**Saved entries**
* * * * * * * * *
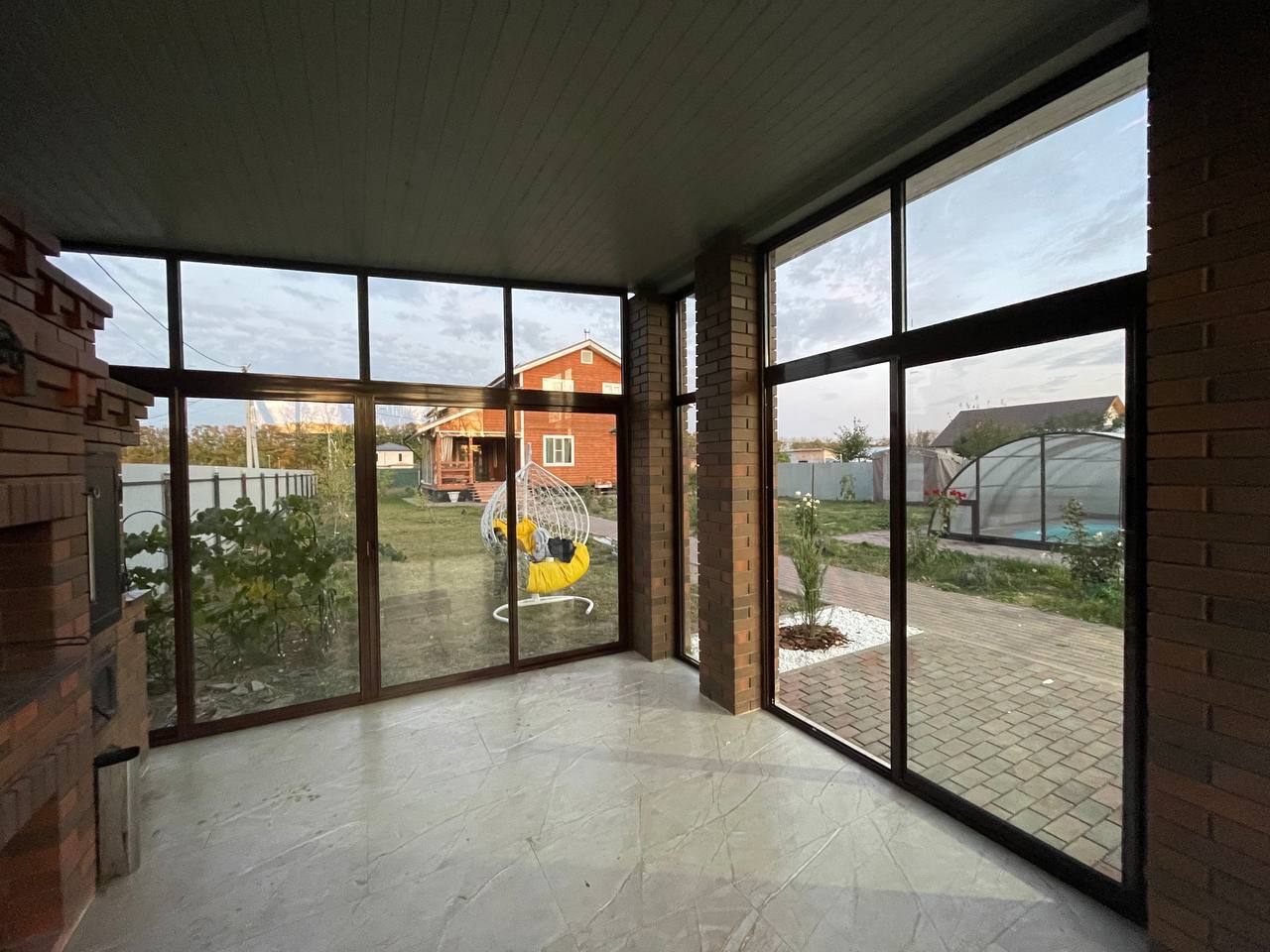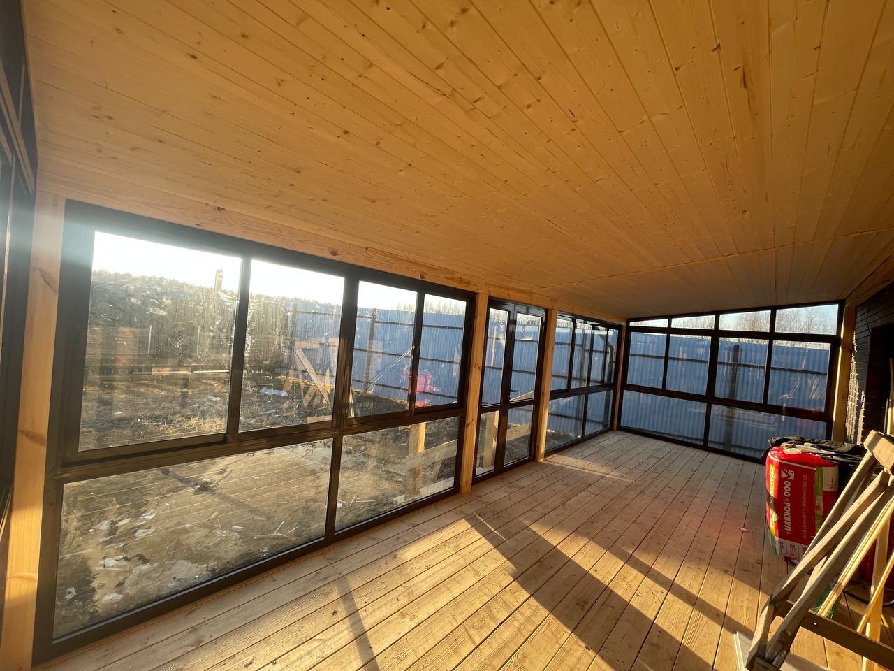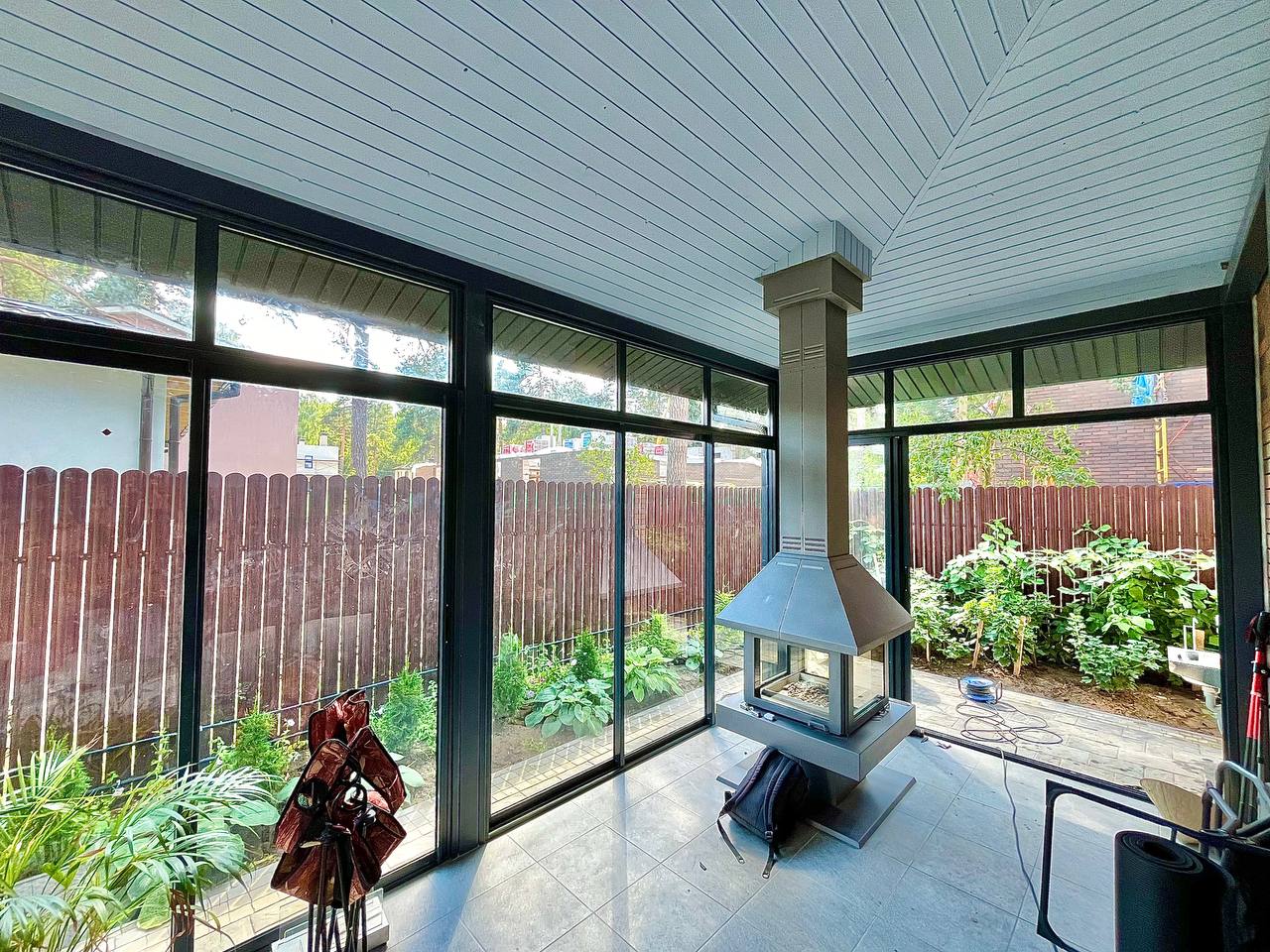 Остекление "под ключ" дома и терраса с окнами в пол, раздвижное алюминиевое холодное остекление на террасе от Рехау
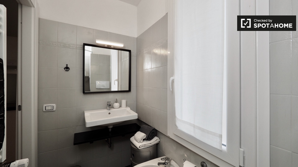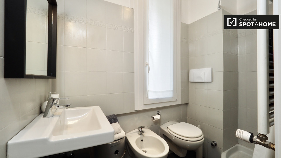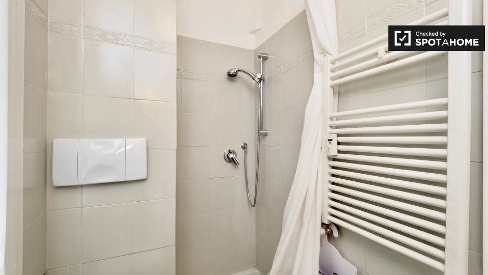 Questa camera splendidamente arredata è disponibile in un appartamento condiviso con 6 camere da letto a Trastevere, Roma. L'appartamento è dotato di riscaldamento centralizzato, balcone e lavatrice privata per una maggiore comodità. È consentito ...
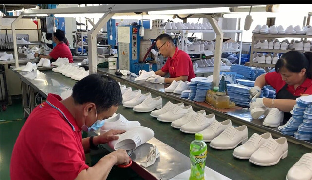 ??????沿生產線一路看過去,工人們的面孔有老有新,但他們的手法卻同樣熟練。一雙鞋需要120多道工序才能成型,與質量聯系最緊密的鉗幫、錘鞋、擂平等步驟,都會交給“人”來評判定奪,來保證最好的產品質量。
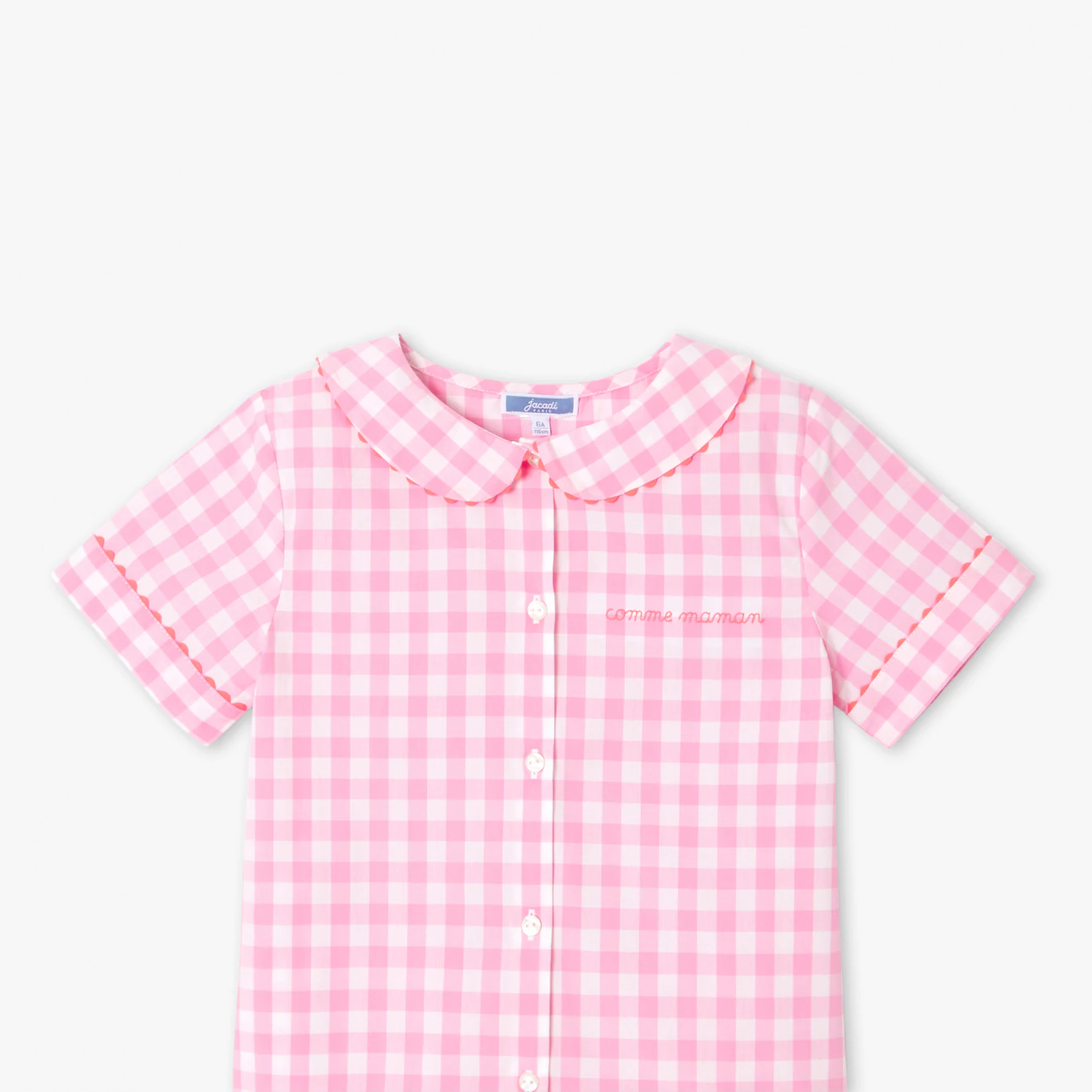 Le pyjashort enfant fille est décliné en coton biologique et animé d'un ravissant Vichy. Composé d'une chemise manches courtes ornée d'un col Claudine et d'un short élastiqué, des croquets fluo finalisent cet indispensable de l'été. - Pyjama short fille en coton biologique - Ouverture boutonnée - Message brodé Comme maman- Short à taille élastiquée- Finitions ruban croquet fluo
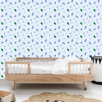 Breng een frisse en natuurlijke sfeer in de kinderkamer met dit stijlvolle lichtblauwe behang met groene en blauwe bladeren. Het kleurgebruik en het blad design zorgen voor een kalme uitstraling die perfect past in een moderne en kleurrijke babykamer, peuterkamer of kinderkamer.
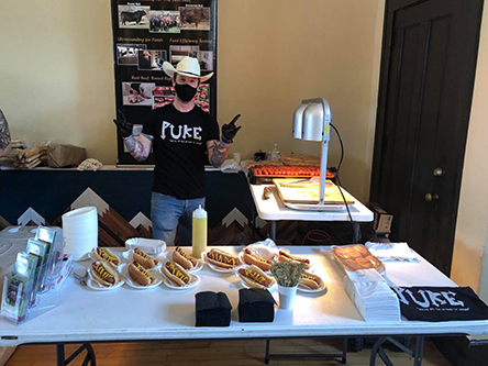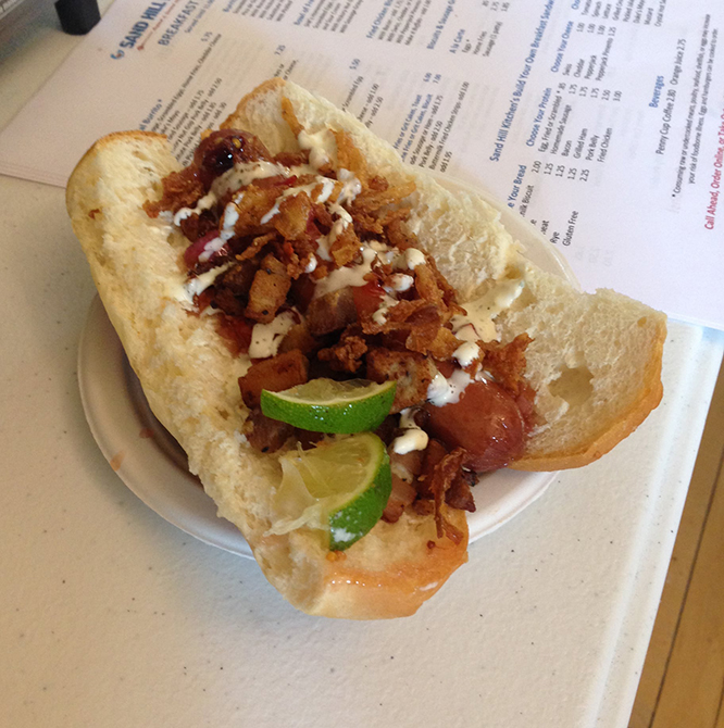 And finally I want to thank my new friend, and the new executive chef at my imaginary restaurant, Puke. Chef Bennet Depew from Brasstown Beef stepped up at the very last minute, threw on a Puke shirt, and started slinging hotdogs under the Puke banner. Y’see, one of our vendors was unfortunately unable to attend on the day of the event, but I had a secret contingency plan for Puke to step in if such an emergency should occur! I enlisted Chef Depew at 10:59am (doors were at 11:00), and without hesitation, he said, “Can I just throw a dog on a bun, squirt mustard all over it, and call it something like, “Saucisse avec sauce American classique?” And I replied, as I wiped away a tear, “That’s exactly what Puke would do. You’re hired.” It was a beautiful moment in hot dog history, and Chef Depew did a beautiful job! Even though we came in last place, we did not have a low score! None of the dogs were panned by the people or the judges! Not even Puke’s!
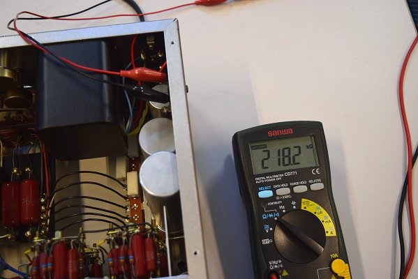 中央のテスターはヒーター電圧です。17.91Vを示し良好です。この後もう少し上がります。右テスターは高圧B1です。278.1Vで良好です。
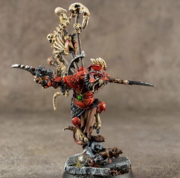 This custom painted Skaven Clawlord represents the pinnacle of Skaven treachery and martial prowess. For this commission painting project, our miniature painting studio focused on a vibrant red armor paint scheme, which serves as a classic mark of the Clan Verminus.
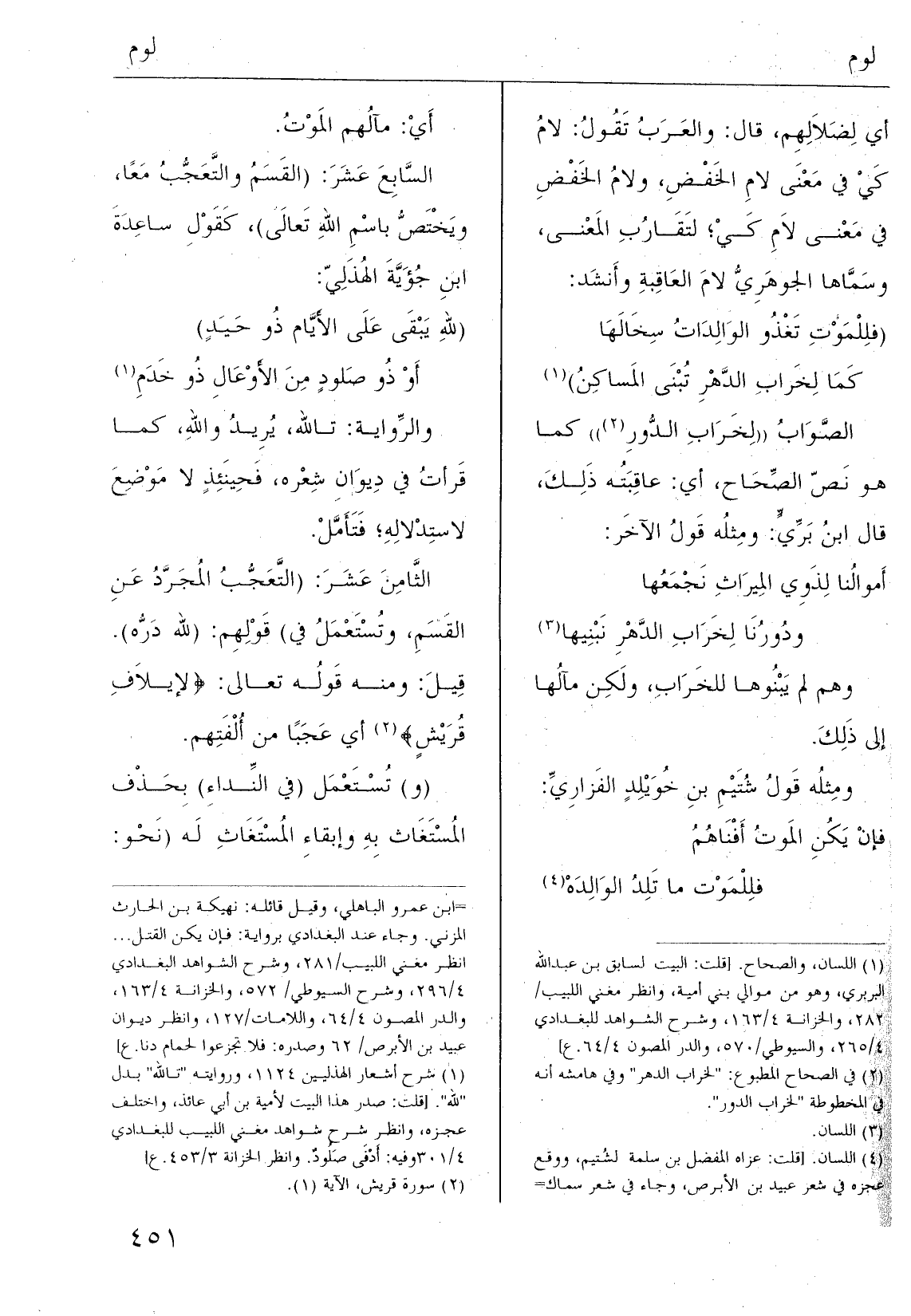 الثَّامِنَ عَشَرَ: (التَّعَجُّبُ المُجَرَّدُ عَنِ القَسَمِ، وتُسْتَعْمَلُ فِي) قَوْلِهِم: (لله دَرُّه) . قِيلَ: وَمِنْه قَولُه تَعَالَى: {لِإِيلَافِ قُرَيْش} أَي عَجَبًا من أُلْفَتِهم.
* * * * * * * * *
**EXERCISE DIRECTIONS**
When you copy the records above, keep every word exact and drop the pictures.

**RESULT BELOW**
 Остекление "под ключ" дома и терраса с окнами в пол, раздвижное алюминиевое холодное остекление на террасе от Рехау
 Questa camera splendidamente arredata è disponibile in un appartamento condiviso con 6 camere da letto a Trastevere, Roma. L'appartamento è dotato di riscaldamento centralizzato, balcone e lavatrice privata per una maggiore comodità. È consentito ...
 ??????沿生產線一路看過去,工人們的面孔有老有新,但他們的手法卻同樣熟練。一雙鞋需要120多道工序才能成型,與質量聯系最緊密的鉗幫、錘鞋、擂平等步驟,都會交給“人”來評判定奪,來保證最好的產品質量。
 Le pyjashort enfant fille est décliné en coton biologique et animé d'un ravissant Vichy. Composé d'une chemise manches courtes ornée d'un col Claudine et d'un short élastiqué, des croquets fluo finalisent cet indispensable de l'été. - Pyjama short fille en coton biologique - Ouverture boutonnée - Message brodé Comme maman- Short à taille élastiquée- Finitions ruban croquet fluo
 Breng een frisse en natuurlijke sfeer in de kinderkamer met dit stijlvolle lichtblauwe behang met groene en blauwe bladeren. Het kleurgebruik en het blad design zorgen voor een kalme uitstraling die perfect past in een moderne en kleurrijke babykamer, peuterkamer of kinderkamer.
 And finally I want to thank my new friend, and the new executive chef at my imaginary restaurant, Puke. Chef Bennet Depew from Brasstown Beef stepped up at the very last minute, threw on a Puke shirt, and started slinging hotdogs under the Puke banner. Y’see, one of our vendors was unfortunately unable to attend on the day of the event, but I had a secret contingency plan for Puke to step in if such an emergency should occur! I enlisted Chef Depew at 10:59am (doors were at 11:00), and without hesitation, he said, “Can I just throw a dog on a bun, squirt mustard all over it, and call it something like, “Saucisse avec sauce American classique?” And I replied, as I wiped away a tear, “That’s exactly what Puke would do. You’re hired.” It was a beautiful moment in hot dog history, and Chef Depew did a beautiful job! Even though we came in last place, we did not have a low score! None of the dogs were panned by the people or the judges! Not even Puke’s!
 中央のテスターはヒーター電圧です。17.91Vを示し良好です。この後もう少し上がります。右テスターは高圧B1です。278.1Vで良好です。
 This custom painted Skaven Clawlord represents the pinnacle of Skaven treachery and martial prowess. For this commission painting project, our miniature painting studio focused on a vibrant red armor paint scheme, which serves as a classic mark of the Clan Verminus.
 الثَّامِنَ عَشَرَ: (التَّعَجُّبُ المُجَرَّدُ عَنِ القَسَمِ، وتُسْتَعْمَلُ فِي) قَوْلِهِم: (لله دَرُّه) . قِيلَ: وَمِنْه قَولُه تَعَالَى: {لِإِيلَافِ قُرَيْش} أَي عَجَبًا من أُلْفَتِهم.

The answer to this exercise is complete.